States started at a handicap here. The U.S. Department of Education’s guidelines required the states to set ambitious goals for raising achievement and closing gaps, but allowed — and some might say encouraged — a system of school categorization that was not driven by performance against these goals.

Some states negotiated this disconnect successfully, while others stumbled. The latter may have specific goals for improving overall and group performance, for example, but school ratings may be determined on very different criteria.  Similarly, the criteria for getting into a school-ratings category may be inconsistent with the criteria to get out of it.  By contrast, coherent systems provide consistent signaling throughout.

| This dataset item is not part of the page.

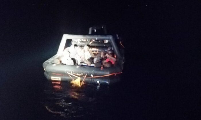 Ayvalık açıklarında, lastik bot içinde bir grup düzensiz göçmen olduğu bilgisini alan Sahil Güvenlik ekipleri harekete geçti.
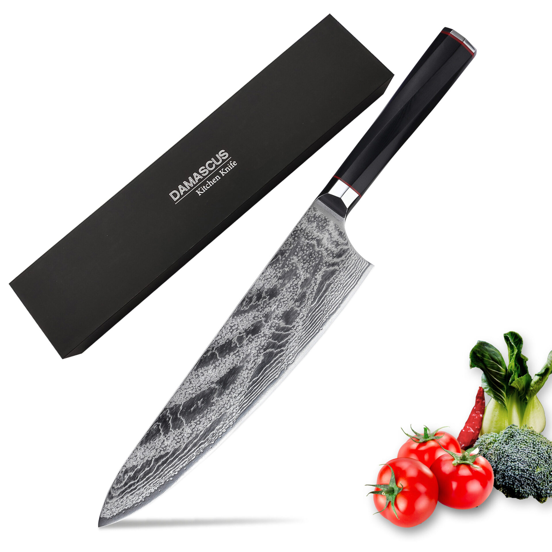 Das exquisite Profildesign und die Materialien des Damast Tranchiermesser sorgen für ein reibungsloses Anwendungserlebnis. Schneiden Sie durch Tomaten wie Butter, tranchieren Sie Fleisch nach Ihren Wünschen und hacken Sie sogar durch dünne Knochen. Genießen Sie unübertroffene Vielseitigkeit.

• Ambition: Will meeting the performance expectations communicated in the plan result in significant improvements for all students and, perhaps more important, will it generate accelerated gains for those farthest behind?

In their waiver plans, states were invited to adopt one of two federal goals frameworks, or a “similarly ambitious” alternative of their own choosing. The first framework fixed the goal at getting all students college and career ready by 2020, requiring larger year-on-year improvements for the groups starting farther behind. The second framework — one suggested by our analysts based on deep analysis of school-level improvement rates in multiple states — aimed at halving the gaps between the current performance of individual student groups and 100 percent within six years. Again, this approach requires improvements for all students, but bigger improvements for groups starting behind.

The core idea behind this approach was to encourage states to set stretch goals that would narrow or eliminate longstanding gaps between groups. The 100 percent proficiency goal set by NCLB was often viewed as unrealistic or unattainable. Waiver states were invited to set stretch goals that their own data suggested were achievable with concerted effort.

• Action: Does the plan clearly prompt specific, appropriate and effective interventions, not just for the lowest performing schools, but also for schools serving groups of students who are struggling despite the success of other students in the school?

Under current law, the federal government prescribed a specific set of consequences for schools that did not meet their achievement targets, beginning with school choice and supplemental tutorial services, and moving through various levels of “school improvement.”  The required consequences were the same, regardless of whether a school missed one target for one group or fell horribly short for all its students.

Because many state and local leaders railed at this one-size-fits-all approach and questioned whether the federal government knew more than they did about how to improve their local schools, the waiver process invited states to replace the federally mandated consequences with a system of rewards, supports, and interventions that they believed would be more effective.

The granting of the NCLB waivers described in the summaries that follow marks a new phase in our nation’s journey toward providing a quality education for all students. Certainly, the development of these plans involved a lot of thought and a lot of work, especially by state education leaders, but the really hard work lies ahead, as state and local education leaders put into action what for most is still merely a paper plan.

As the states step up to this work, parents, journalists, advocacy organizations, and, more generally, the public need a clear sense of the new goals the states have pledged to pursue. The public also needs a firm grasp on the key strategies (along with their attendant strengths and potential pitfalls) the states have chosen to employ, especially for the students who often get ignored in school improvement efforts.  We hope these summaries are helpful, because the success of these new initiatives is terribly important to our country’s future.